-------- Entries supplied --------

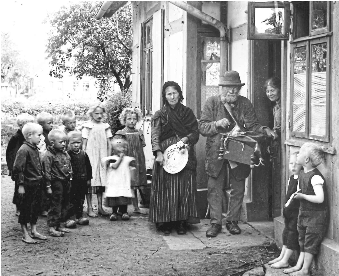
Dieses Bild machte Gottlieb Schäffer 1904. Das kleine Kind vorne rechts hat nicht ganz stillgehalten.

Seit Schäffers Schaffenszeit hat die analoge Fotografie eine rasante Entwicklung genommen. Der Zelluloidfilm löst die
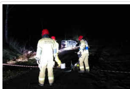
Oględziny miejsca zdarzenia
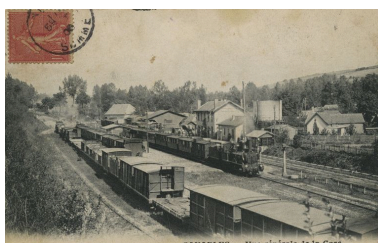
Vue générale depuis les voies, avant 1908 (coll. part.). IVR22_20098000333NUCA
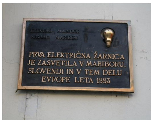
Slika 1: Fotografiji z Grajskega trga v Mariboru, kjer je zasvetila prva električna svetilka v Sloveniji.
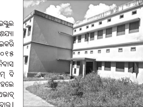
ଡ଼ିପ୍ଲୋମା ସରକାରୀ ବାଳିକା ହାଇସ୍କୁଲ ପରିସରରେ ତିଆରି ହେଇଥିବା ଛାତ୍ରୀ ନିବାସ।

ବଲାଙ୍ଗୀର ଜିଲ୍ଲା ଉନ୍ନତ ସରକାରୀ ବାଳିକା ହାଇସ୍କୁଲ ପରିସରରେ ତିଆରି ହେଇଥିବା ଛାତ୍ରୀ ନିବାସ ଉଦଘାଟନ କରାଯାଇଛି।
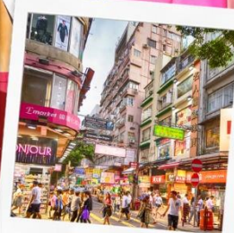
ช้อปปิงย่านมงก๊ก
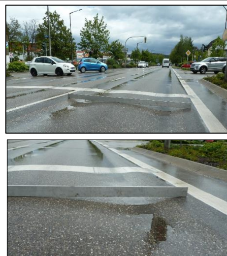
Spurrinnen im Kreuzungsbereich
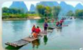
ล่องแพไม้ไผ่ที่ทง
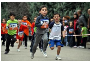
Grupo de niños 1º primaria
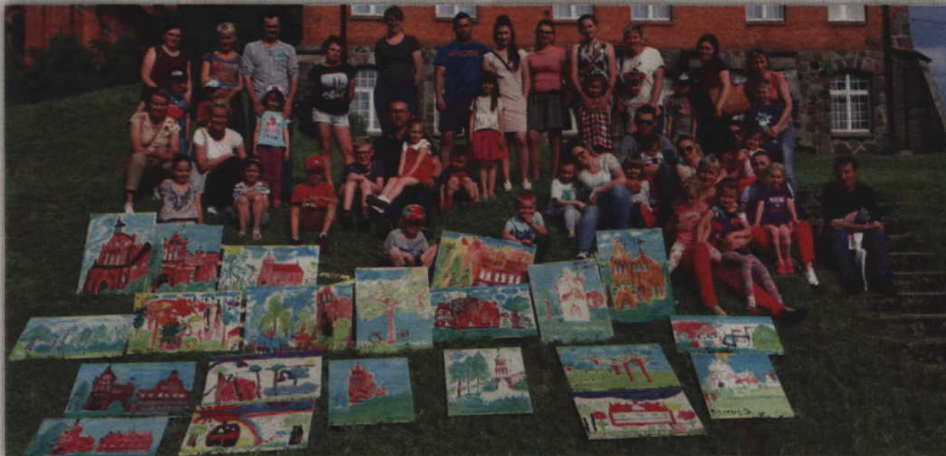
Uczestnicy ryjewskiego pleneru malarskiego i powstałe prace.
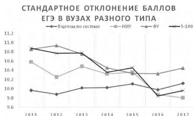
Рис. 2. Динамика изменения разброса баллов студентов внутри разных типов вузов, 2011–2017 (на основе данных Мониторинга качества приема)

Национальная политика в сфере высшего образования также является фактором, оказывающим воздействие на неоднородность студенческого контингента [1]. Она может задавать или отражать ожидания от высшего образования, и реагировать на глобальные тренды массовизации и интернационализации. Меры по стратификации, или вертикальной дифференциации, в частности, привели к сокращению академической неоднородности внутри ведущих российских вузов. Однако в целом академическая неоднородность студентов, поступивших в вузы на базе школьного образования, имеет тенденцию к росту (рис. 2).
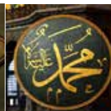
「モハンマド」 アラビア語で
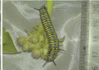
شکل ۷- پیش شفیره
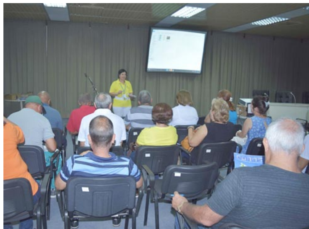
Incorporar un programa teórico a la exposición la convertirá en un espacio para el diálogo y el intercambio profesional

La convocatoria a la X edición De Pinar te traigo... ya está abierta y no será tarea fácil, porque superar la precedente requerirá de minuciosidad, no es tarea imposible y los pinareños bien saben crecerse sobre sí mismos.
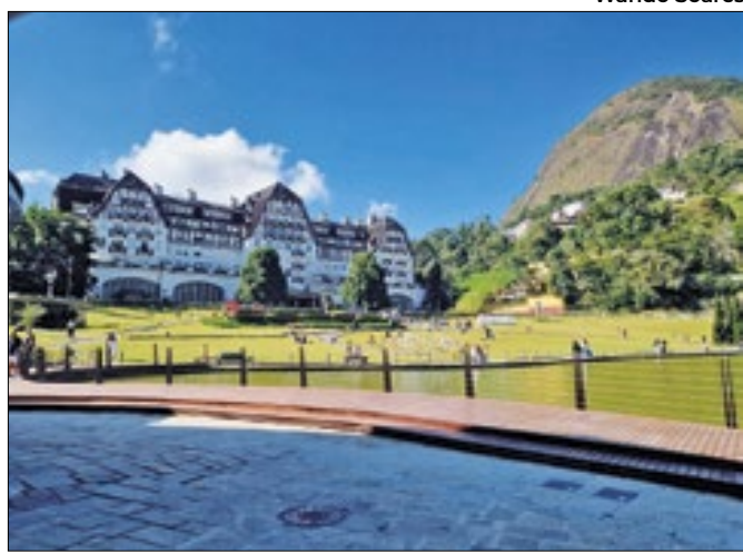
Palácio Quitandinha cartão-postal de Petrópolis
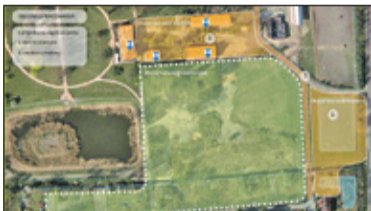
|| Piaseczno - Mieszkańcy mają głos s. 2

--------

- _Your goal_: What is needed is an exact copy of the lines above from the one with "Grupo de niños 1º primaria" to the one with "Рис. 2. Динамика", both ends kept, and nothing more; please leave the pictures out.

- _Solution_:
Grupo de niños 1º primaria
Uczestnicy ryjewskiego pleneru malarskiego i powstałe prace.
Рис. 2. Динамика изменения разброса баллов студентов внутри разных типов вузов, 2011–2017 (на основе данных Мониторинга качества приема)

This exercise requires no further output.